**WHAT IS NEEDED**:
Output, word for word and without pictures, the lines from the one containing "事前の学習で、防災訓練に参加" through the final line of the listing below.

**RECORDED INFORMATION**:
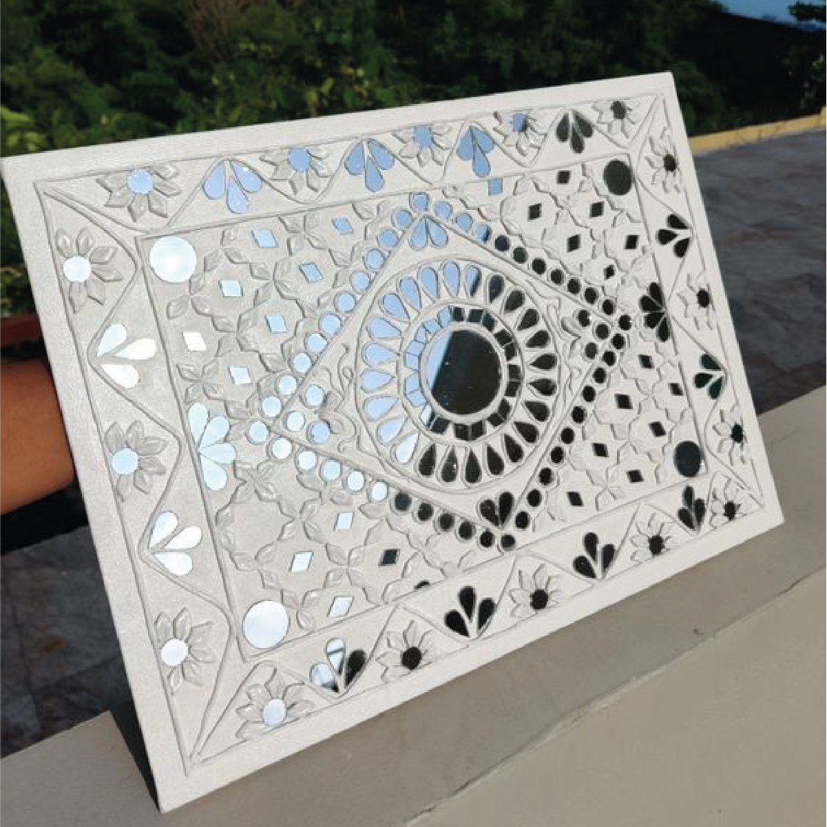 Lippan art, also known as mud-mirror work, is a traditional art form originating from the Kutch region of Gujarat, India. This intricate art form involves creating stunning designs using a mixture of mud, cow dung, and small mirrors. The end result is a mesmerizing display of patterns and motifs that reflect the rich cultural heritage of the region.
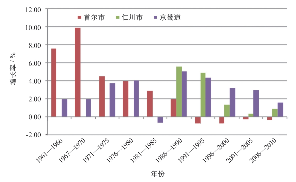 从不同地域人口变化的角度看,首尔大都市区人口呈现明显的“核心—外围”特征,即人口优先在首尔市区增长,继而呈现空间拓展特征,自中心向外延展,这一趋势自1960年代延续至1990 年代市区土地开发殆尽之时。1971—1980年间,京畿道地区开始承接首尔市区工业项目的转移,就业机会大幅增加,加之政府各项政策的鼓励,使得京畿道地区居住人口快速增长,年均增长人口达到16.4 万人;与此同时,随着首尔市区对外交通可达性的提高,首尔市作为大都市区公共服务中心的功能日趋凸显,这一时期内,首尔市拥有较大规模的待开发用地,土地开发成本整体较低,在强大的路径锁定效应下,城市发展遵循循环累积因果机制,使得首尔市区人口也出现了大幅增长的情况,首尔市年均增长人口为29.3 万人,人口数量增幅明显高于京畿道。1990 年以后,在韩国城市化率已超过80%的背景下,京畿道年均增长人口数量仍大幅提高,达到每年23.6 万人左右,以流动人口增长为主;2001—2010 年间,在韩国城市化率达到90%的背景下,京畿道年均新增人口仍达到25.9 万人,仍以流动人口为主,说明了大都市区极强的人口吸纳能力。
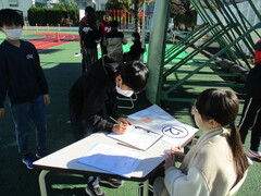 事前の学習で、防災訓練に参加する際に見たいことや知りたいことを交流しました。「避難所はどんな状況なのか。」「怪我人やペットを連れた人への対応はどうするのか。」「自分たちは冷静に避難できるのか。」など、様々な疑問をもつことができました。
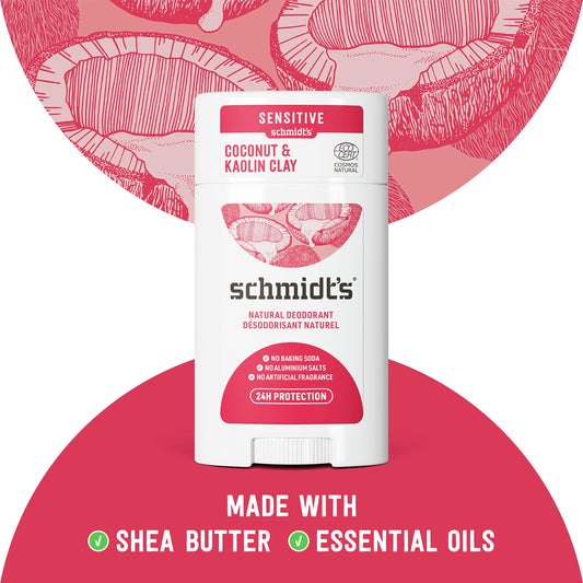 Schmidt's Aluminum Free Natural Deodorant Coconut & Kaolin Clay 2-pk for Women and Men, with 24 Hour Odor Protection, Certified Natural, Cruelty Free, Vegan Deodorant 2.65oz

**ANSWER TO THE PROBLEM**:
 事前の学習で、防災訓練に参加する際に見たいことや知りたいことを交流しました。「避難所はどんな状況なのか。」「怪我人やペットを連れた人への対応はどうするのか。」「自分たちは冷静に避難できるのか。」など、様々な疑問をもつことができました。
 Schmidt's Aluminum Free Natural Deodorant Coconut & Kaolin Clay 2-pk for Women and Men, with 24 Hour Odor Protection, Certified Natural, Cruelty Free, Vegan Deodorant 2.65oz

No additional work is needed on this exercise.